Novak struggled to speak. Georg jabbed the gun sharply, knocking the old man to the ground again. Then Georg turned and looked at Tam. That persistent white froth of bubbly spit dangled from his grimacing lips. His eyes dragged over her, lit up with unholy lust.
He licked his wet, foamy lips and started toward her.
Chapter
28
The first sentry’s eyes barely had time to widen before Val grabbed the side of his head, whipped it down, and smashed the man’s temple into his jerked up knee. The sentry thudded to the floor. A swift, brutal kick to the nose to make sure he was out, and Val darted on.
He felt a detached sense of unreality to be slipping through the corridors of this hellish place again. The palace was drafty and cold, with a pervasive stench of damp and mold. He’d found the place crushingly depressing when forced to live and work there in his youth, like the dismal castle of an absentee vampire. He almost expected to run into himself as he passed silently by the mildewed library with its treasure trove of rotting antique books.
He stopped, listened. Heartbeat slowing, time slowing. Battle ready.
A sentry rounded the corner. Val jabbed a punch into his face, grabbed his neck. A headbutt, an elbow raked across the the throat, a knee jab to the groin, and the man was felled. In relative silence, but for the grunts and thuds.
He froze in an agony of indecision at the top of the staircase.
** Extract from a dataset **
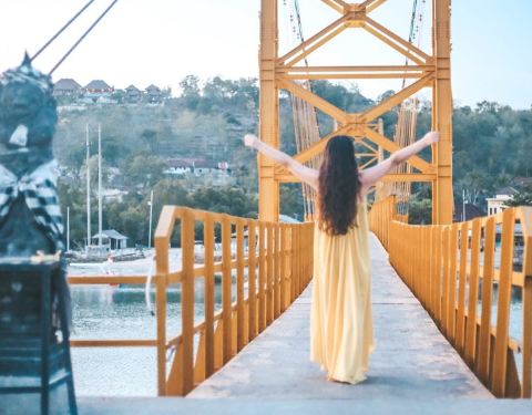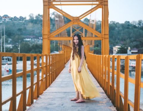 黄桥在蓝梦岛上,只是为了拍照。地接跟我们说也不明白这为什么是个景点,只是为了拍照,大家都来。哈哈哈哈。其实这里有点危险,因为桥很窄,上面有来回两个方向的摩托车自行车,一定要注意安全。蛮特别的黄侨是...
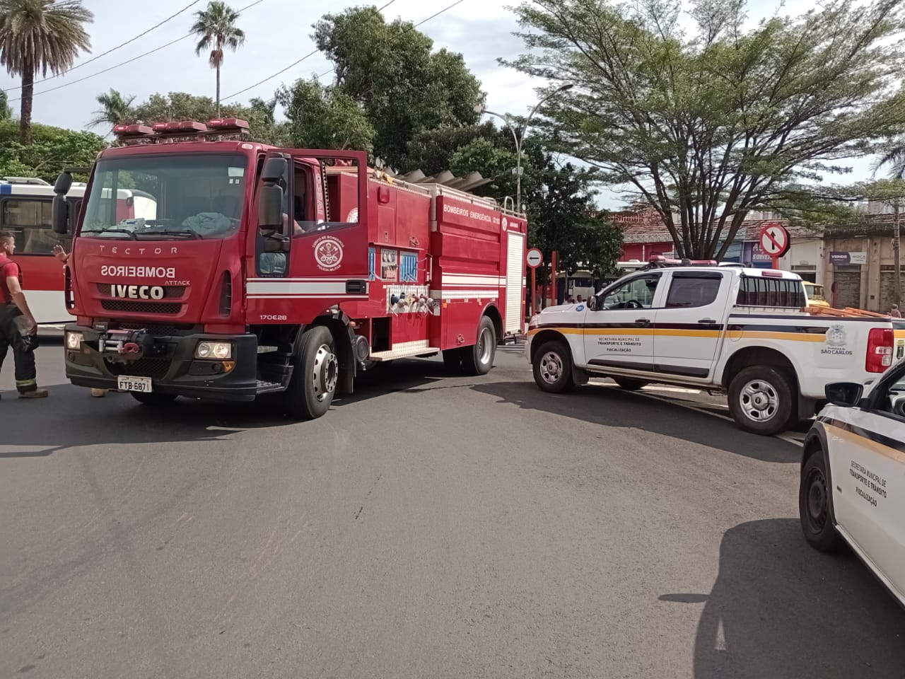 Uma colisão entre uma moto e um ônibus coletivo ocorrida nesta manhã de terça-feira, 28 de março de 2023, na Praça Antônio Prado, em São Carlos-SP, deixou um homem de 35 anos levemente ferido.

Crash, gunshots, glass shattering. The noise broke his paralysis. He sprinted down the stairs. The Saints Salon, then. Novak’s favorite room with its baroque splendor and its creepy frescoes. Typical.
Georg had arrived and made his move. It was about fucking time. He experienced a flash of what almost amounted to warmth for the bloodsucking freak. Not that it would keep Val from killing the man at the first opportunity.
He began stepping over bodies, skirting puddles of blood. Novak’s staff, he assumed, taken by surprise by Georg’s attack force. Blood-spattered, water-damaged walls, and rolled in dark rivulets across the cracked antique tilework.
So he’d missed the first wave. Just as well. Not his fight.
The next corner he turned would put him outside the Saints Salon. With his sixth sense, he picked up the inaudible shush of fabric-clad thighs rubbing together, squeaks of rubber-soled boots against tile. The man turned the corner, whipping up his gun—
Thunk, Val’s knife sank into the man’s eye, before the shout had time to flash from the man’s brain down his nerve fibers to his throat.
He staggered, fell. Val sprinted forward and grabbed him under the armpits, dragging him out of sight of anyone around the corner.
Black-clad, heavy, slung with gear. The dead man was shorter and slighter, but the bulky vest might camouflage that for the brief moment that mattered. He whipped the helmet off the dead man—and gasped in a short, shocked breath. Staring at the corpse.
Cristo. He knew this man. Knew his name. A PSS agent, young, hired less than five years ago. Efficient, capable. Professional.
Val dragged his eyes from the accusing gaze of the pale, staring blue eye that remained. Unfortunate, but if he had not killed, he would have been killed, and Tamar had no time for moral ambiguity.